The reddish-black myotis or black-winged myotis (Myotis rufoniger), colloquially known as the "red bat" or "golden bat" (not to be confused with Lasiurus species, also known as red bats, or Mimon bennettii, also known as the golden bat) in South Korea, is a species of vesper bat found throughout East Asia.

== Taxonomy ==
It was initially described as a distinct species by Robert Fisher Tomes in 1858, but later studies reclassified as conspecific with Hodgson's bat (M. formosus). However, a 2014 morphological study found major divergence between M. formosus and M. rufoniger, and thus split them from one another. Creating a phylogeny based on wing patterns, the study found M. rufoniger to be most closely related to Welwitsch's bat (M. welwitschii) of Africa, rather than to M. formosus. This has also been followed by the American Society of Mammalogists, the IUCN Red List, and the ITIS.

A 2017 genetic study found M. rufoniger to have a low effective population size, being the lowest of the four Myotis species sampled for the study. The study found its effective population size to have peaked during the late Pleistocene, about 50,000 years ago, and to have dramatically decreased since the Last Glacial Maximum, reaching its lowest level in the present day.

== Distribution and habitat ==
It is thought to have a spotty but wide range across eastern Asia, ranging from Vietnam & Laos north through China, east to Taiwan, and north to the Korean peninsula. It has also been recorded on Tsushima Island in Japan.
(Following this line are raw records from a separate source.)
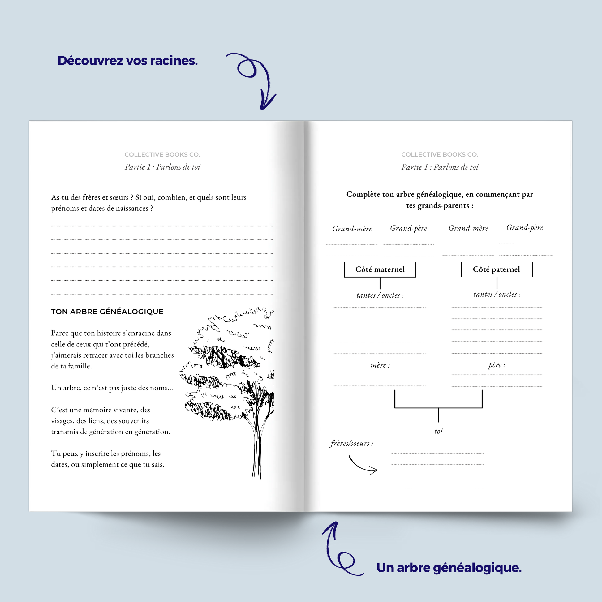 120+ questions inspirantes, un arbre généalogique, des pages libres et un emplacement pour vos photos.
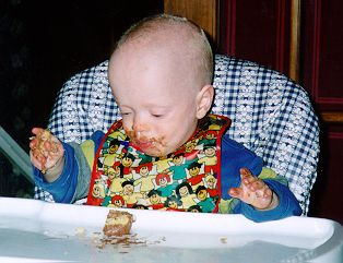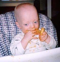 around the dining room. He is eating pureed baby food, and breadsticks,
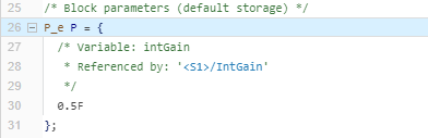 intGaintoModel default, which indicates that the parameter object prevents code generation optimizations from eliminating storage for the variable. With this setting, the object uses the storage class specified in the Code Mappings editor as the data default for category Model parameters.Save the model and regenerate the code.
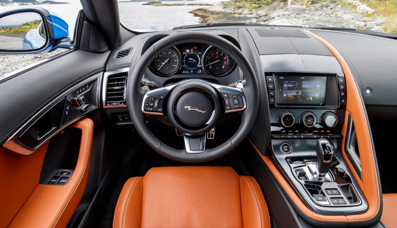 Салон Jaguar F-Type – это сочетание уюта, комфорта и технологии. Позиция водителя обеспечивает хороший обзор и удобство управления.

This species has been recorded from montane forests in Korea and Taiwan, and in subtropical forests in Vietnam. It is thought to roost in caves in at least part of its distribution area.

=== In Korea ===
In South Korea, this species is protected and designated a natural monument (monument number 452). It is one of the most well-known and iconic protected animals of South Korea. An exhibition center for the species exists in Hampyeong County, which, in addition to an exhibition hall, also displays a sculpture of the species made of 162 kg of pure gold, referencing the discovery of a colony of over 162 bats in a nearby cave.

== Status ==
Some populations of this species are thought to be cave-dwellers, and thus they may threatened by disturbance of caves. As they forage in forests, and some populations also roost in them, they may also be threatened by logging. Due to its conspicuous coloration, individuals of this species may be at risk of being captured and used as ornaments. However, this species has a wide range across East Asia and is thought to have some degree of tolerance to habitat modification, so it is classified as Least Concern on the IUCN Red List.